[What you have to do] With the pictures left out, set down the line containing "J.K. Starley op een model uit 1886" and each line after it to the end of the material, exactly as written.
^^^^
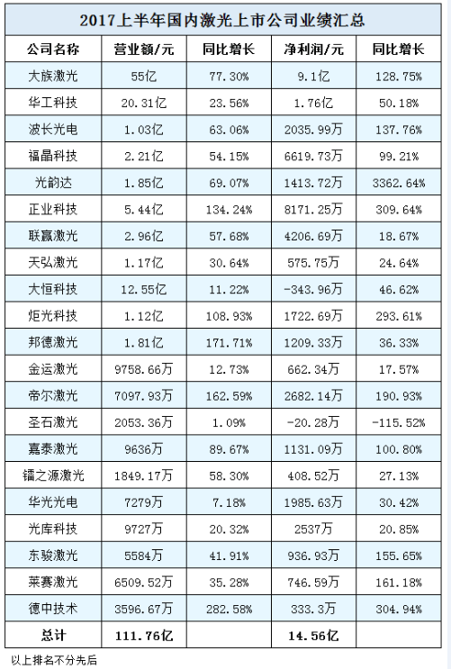 根據Laser Manufacture News發布的相關(guan) 數據,2017年上半年國內(nei) 已上市激光企業(ye) 營收規模超20億(yi) 元的,有大族激光、華工科技兩(liang) 家。大族激光收入接近55億(yi) 元,華工科技收則在20.31億(yi) 左右。(數據來源2017上半年各公司財報)
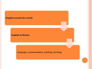The document discusses the importance of English, basic concepts related to language, communication, teaching, and learning. It notes that English has become important globally for business, education, and tourism. It is also emphasized as important for Mexicans to advance professionally due to economic ties with the United States. Key concepts covered include language as a means of communication, the importance of skills like listening and speaking for collaboration, and teaching and learning as an interactive process that helps acquire knowledge and skills.
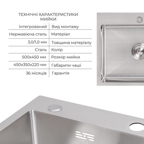 Матеріал Нержавіюча сталь - мийка; латунь / пластик - дозатор; нержавіюча сталь / пластик - кошик
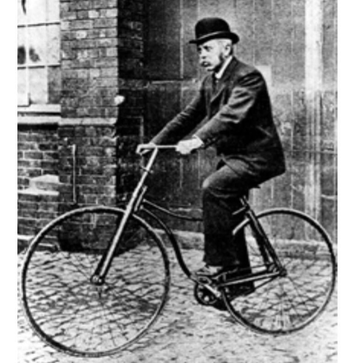 J.K. Starley op een model uit 1886
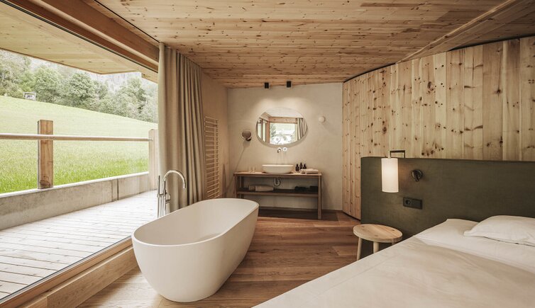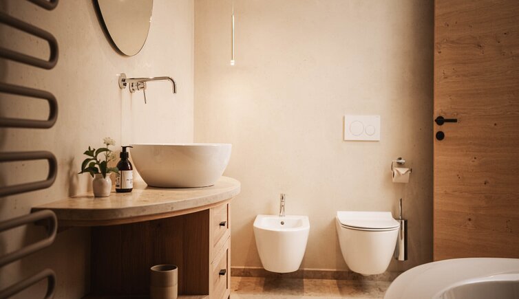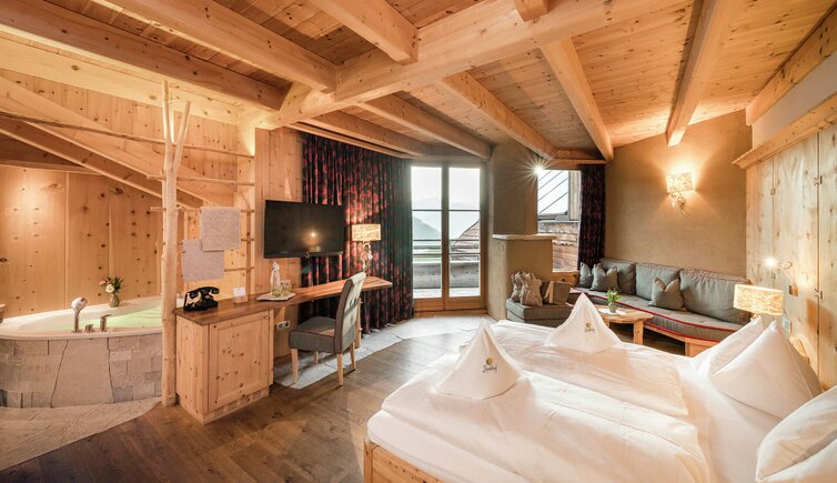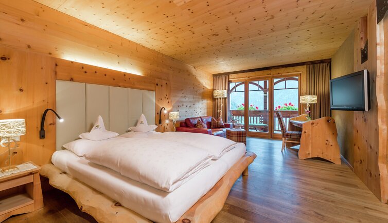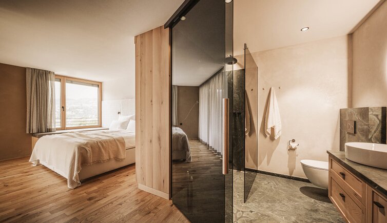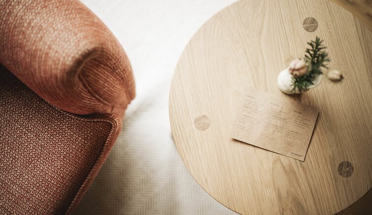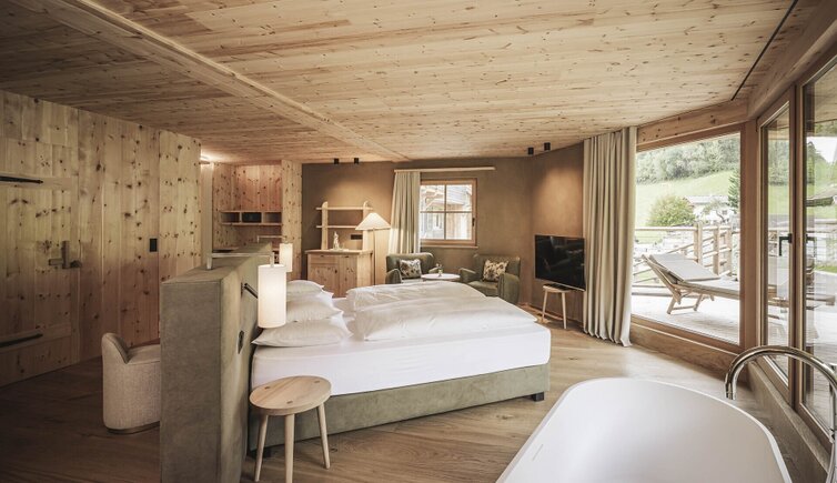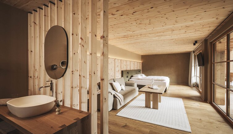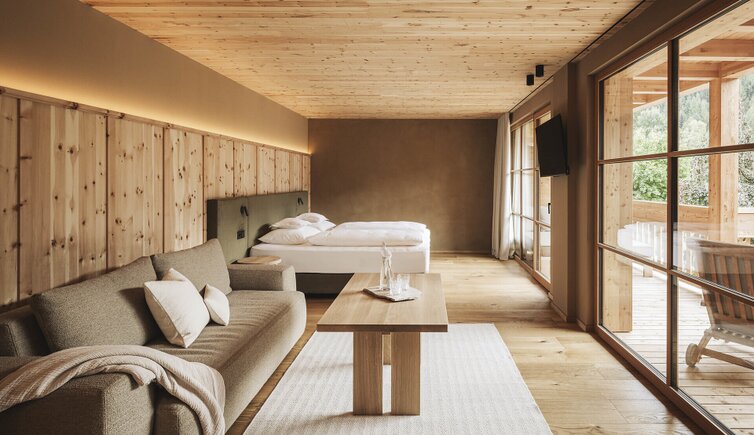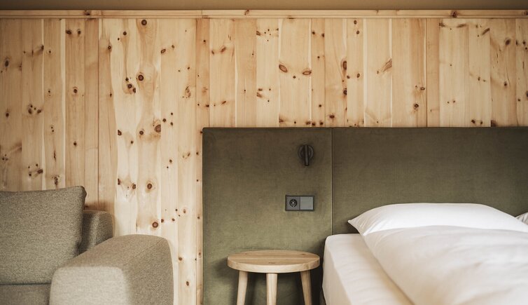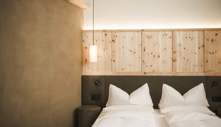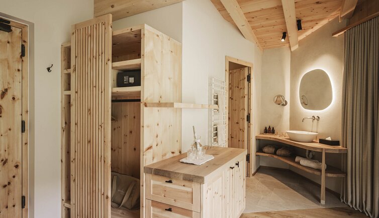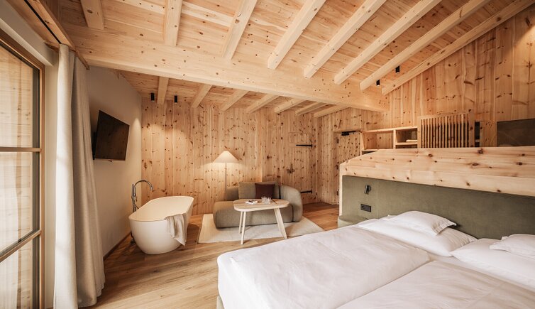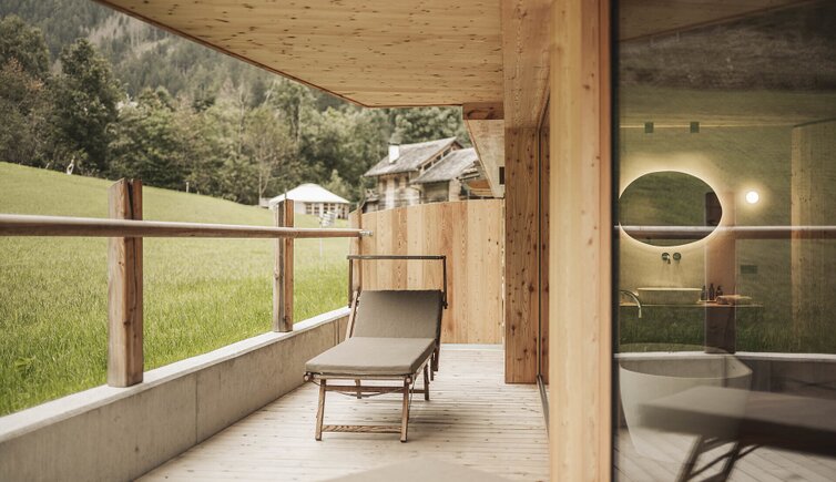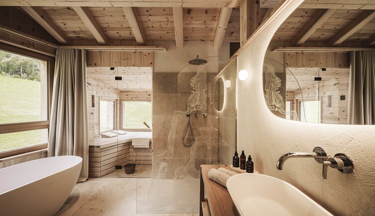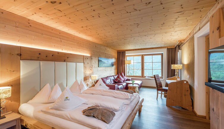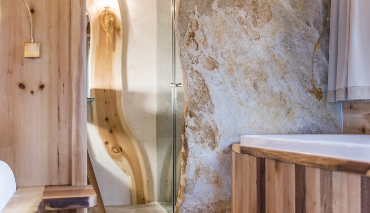 L’intero edificio è stato realizzato in legno di larice e pietre della nostra terra e si inserisce perfettamente nel paesaggio dolomitico. Le accoglienti stube, camere naturali, suite e appartamenti bio, la cantina in gneiss, il grande “Lüsner Badl” e il centro beauty con reparto massaggi sempre in stile Vi invitano a rilassarvi.
^^^^
[Solution to this exercise]
 J.K. Starley op een model uit 1886
 L’intero edificio è stato realizzato in legno di larice e pietre della nostra terra e si inserisce perfettamente nel paesaggio dolomitico. Le accoglienti stube, camere naturali, suite e appartamenti bio, la cantina in gneiss, il grande “Lüsner Badl” e il centro beauty con reparto massaggi sempre in stile Vi invitano a rilassarvi.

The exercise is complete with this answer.